RFC: C2 Object Initialization - Using XMM/YMM registers
Rohit Arul Raj
rohitarulraj at gmail.com
Fri Apr 6 23:40:59 UTC 2018
On Sat, Apr 7, 2018 at 4:18 AM, Vladimir Kozlov
<vladimir.kozlov at oracle.com> wrote:
> The OpenJDK rule said that you need to contribute at least 2 significant
> cahgnes and sign OCA (Oracle Contribution agreement) before applying for
> Author status. Fortunately AMD had signed up as company already which cover
> all its employees.
>
> http://openjdk.java.net/projects/#project-author
>
> You contributed only one 8187219 so far as I know. Need one more.
>
> But you should be able to see contents of RFE. Right?

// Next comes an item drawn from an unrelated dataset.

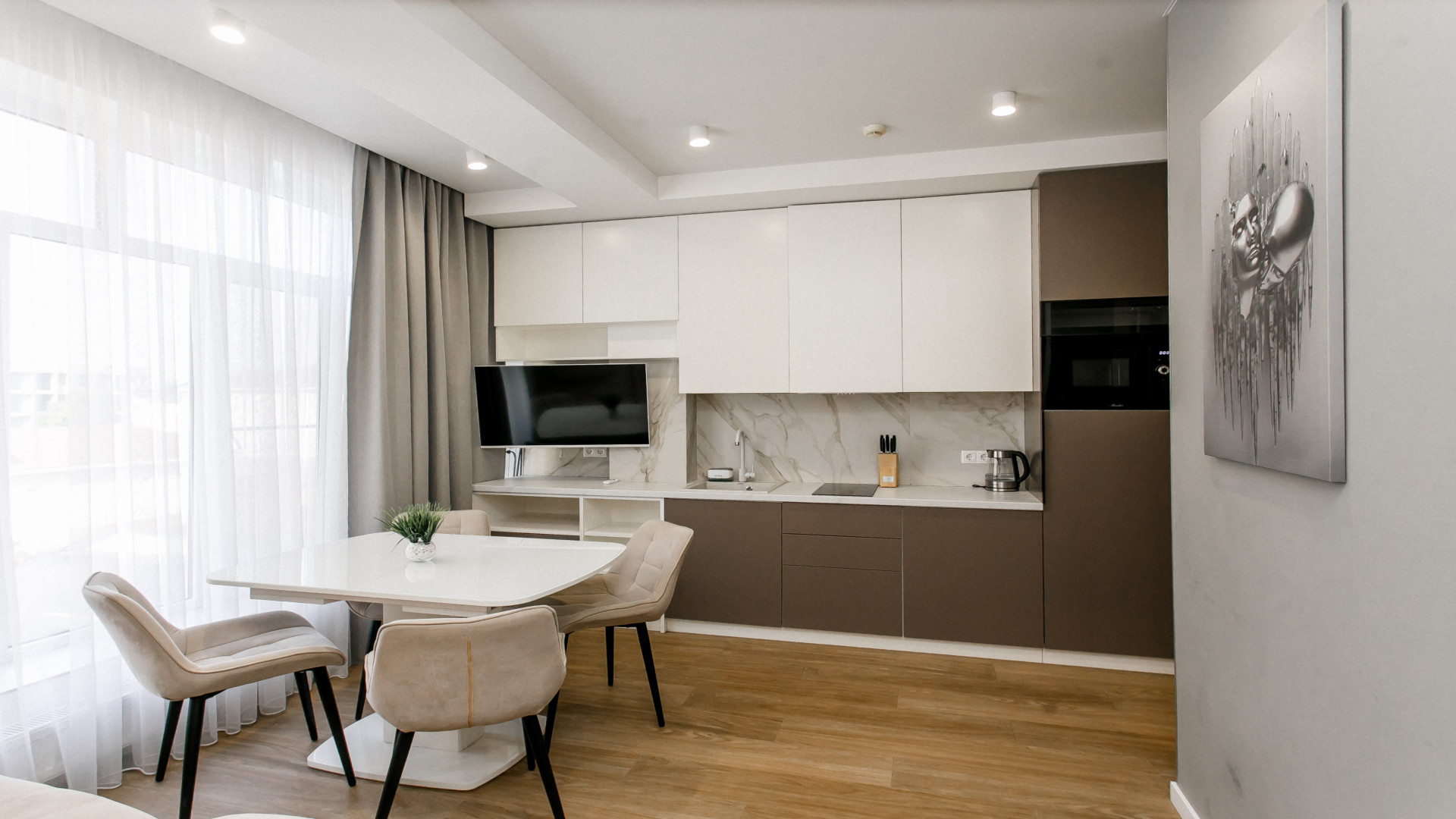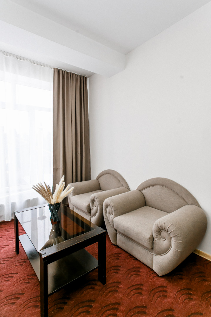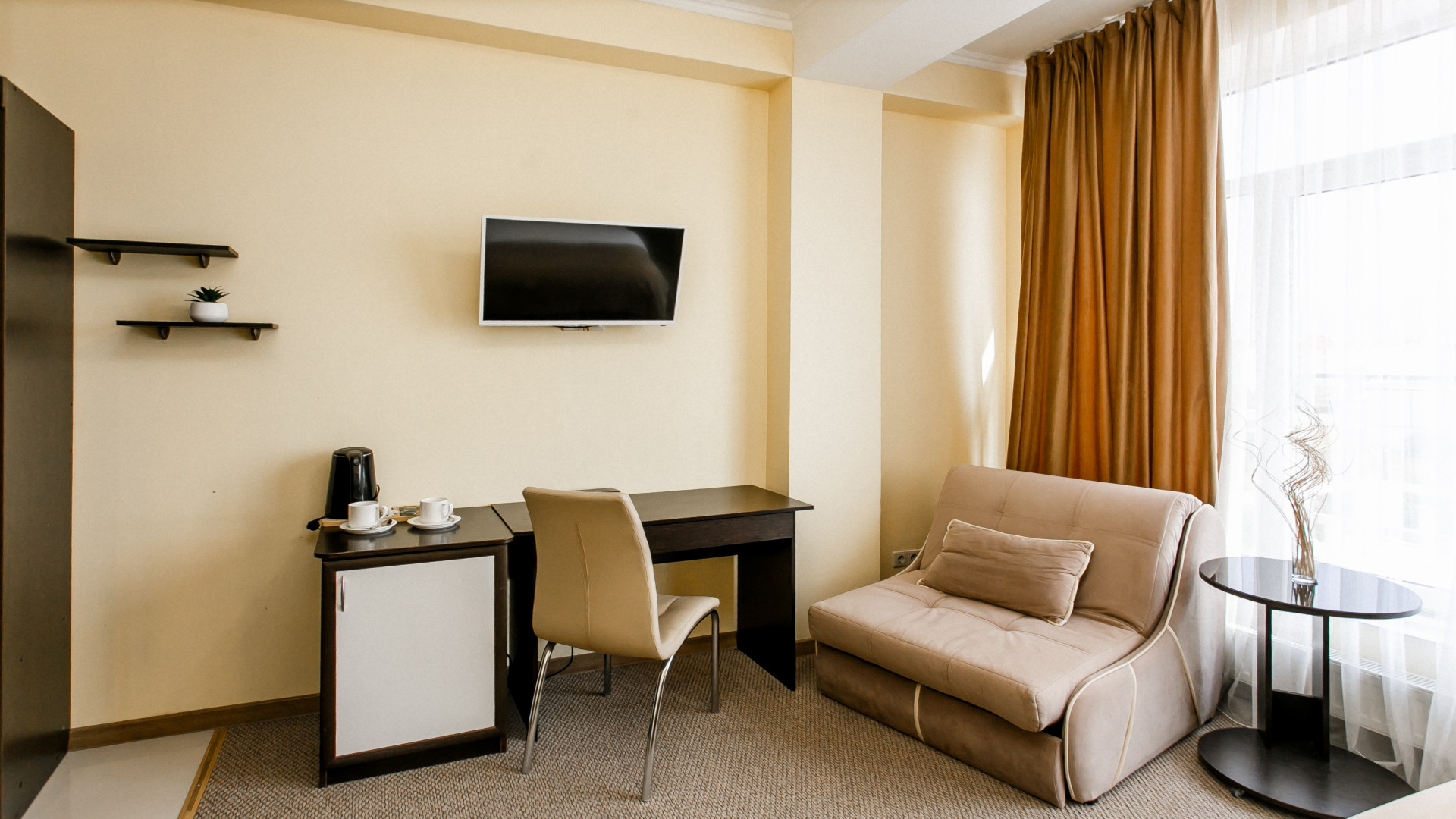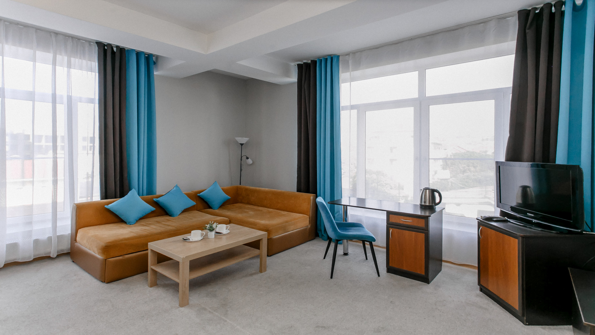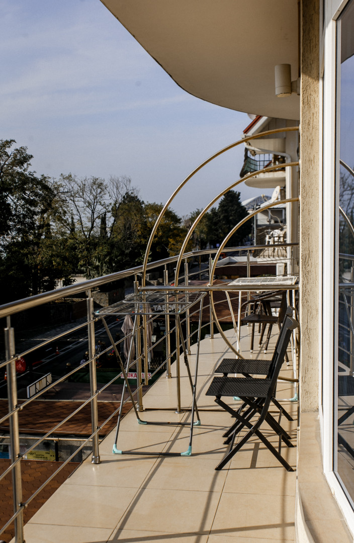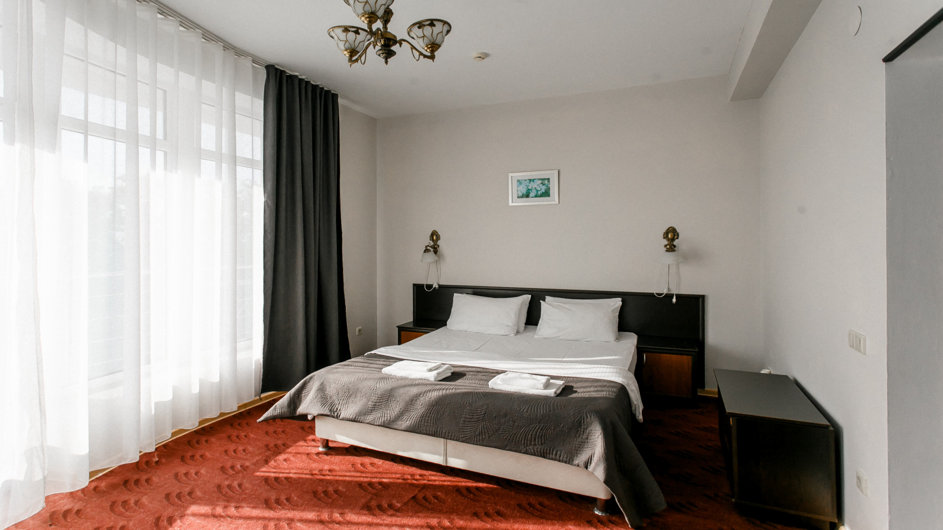 На выбор гостей предложены новые современные номера различных категорий: номер-студия, стандартный, семейный, люкс. Во всех номерах есть собственная ванная комната, бесплатный доступ Wi-Fi в Интернет, телевизор, холодильник, сплит-система, телефон. Из окон открывается великолепный вид на море или горы. Отель оснащен лифтом.

Thanks Vladimir, I can see the contents of RFE.
Regards,
Rohit
> On 4/5/18 10:04 PM, Rohit Arul Raj wrote:
>>
>> On Thu, Apr 5, 2018 at 11:38 PM, Vladimir Kozlov
>> <vladimir.kozlov at oracle.com> wrote:
>>>
>>> Good suggestion, Rohit
>>>
>>> I created new RFE. Please add you suggestion and performance data there:
>>>
>>> https://bugs.openjdk.java.net/browse/JDK-8201193
>>>
>>
>> Thanks Vladimir.
>> I don't have an account/access to JDK bug data base yet. Is there any
>> other way around it?
>> Can I send in a request for Author role?
>>
>> Regards,
>> Rohit
>>
>>>
>>> On 4/5/18 12:19 AM, Rohit Arul Raj wrote:
>>>>
>>>>
>>>> Hi All,
>>>>
>>>> I was going through the C2 object initialization (zeroing) code based
>>>> on the below bug entry:
>>>> https://bugs.openjdk.java.net/browse/JDK-8146801
>>>>
>>>> Right now, for longer lengths we use "rep stos" instructions on x86. I
>>>> was experimenting with using XMM/YMM registers (on AMD EPYC processor)
>>>> and found that they do improve performance for certain lengths:
>>>>
>>>> For lengths > 64 bytes - 512 bytes : improvement is in the range of 8%
>>>> to
>>>> 44%
>>>> For lengths > 512bytes : some lengths show slight
>>>> improvement in the range of 2% to 7%, others almost same as "rep stos"
>>>> numbers.
>>>>
>>>> I have attached the complete performance data (data.txt) for reference .
>>>> Can we add this as an user option similar to UseXMMForArrayCopy?
>>>>
>>>> I have used the same test case as in
>>>> (http://cr.openjdk.java.net/~shade/8146801/benchmarks.jar) with
>>>> additional sizes.
>>>>
>>>> Initial Patch:
>>>> I haven't added the check for 32-bit mode as I need some help with the
>>>> code (description given below the patch).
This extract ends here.